The metered-dose inhaler contains the corticosteroid budesonide and the long-acting bronchodilator formoterol. Two inhalations, twice daily, treat both asthma and COPD by preventing symptoms. The inhaler is approved for 160/4.5 mcg/actuation and 80/4.5 mcg/actuation, according to the release.

The most common side effects associated with budesonide and formoterol fumarate dihydrate oral inhalation aerosol are nasopharyngitis, headache, upper respiratory tract infection, pharyngolaryngeal pain, sinusitis, influenza, back pain, nasal congestion, stomach discomfort, vomiting and oral candidiasis for patients with asthma. The most common side effects of this treatment among patients with COPD are nasopharyngitis, oral candidiasis, bronchitis, sinusitis and upper respiratory tract infection, according to the release.
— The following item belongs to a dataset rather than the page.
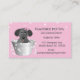Cartes de visite mignons pour les toiletteurs de chiens. Faites remarquer votre entreprise avec ce chiot dans une baignoire avec bulles. Arrière - plan rose clair avec lumières et bulles tout autour.

The FDA granted approval of this generic budesonide and formoterol fumarate dihydrate inhalation aerosol to Mylan Pharmaceuticals.

Complex products are medical products where uncertainty concerning the approval pathway or possible alternative approaches to product development can benefit from early scientific engagement, such as products with complex active ingredients and drug-device combination products, according to the release. The FDA noted that since drug-device combination products can be more challenging to develop, fewer exist, resulting in less market competition. The FDA said addressing the challenges related to complex generics and promoting more generic competition is a key part of the FDA’s Drug Competition Action Plan and its efforts to promote patient access and more affordable medications, according to the release.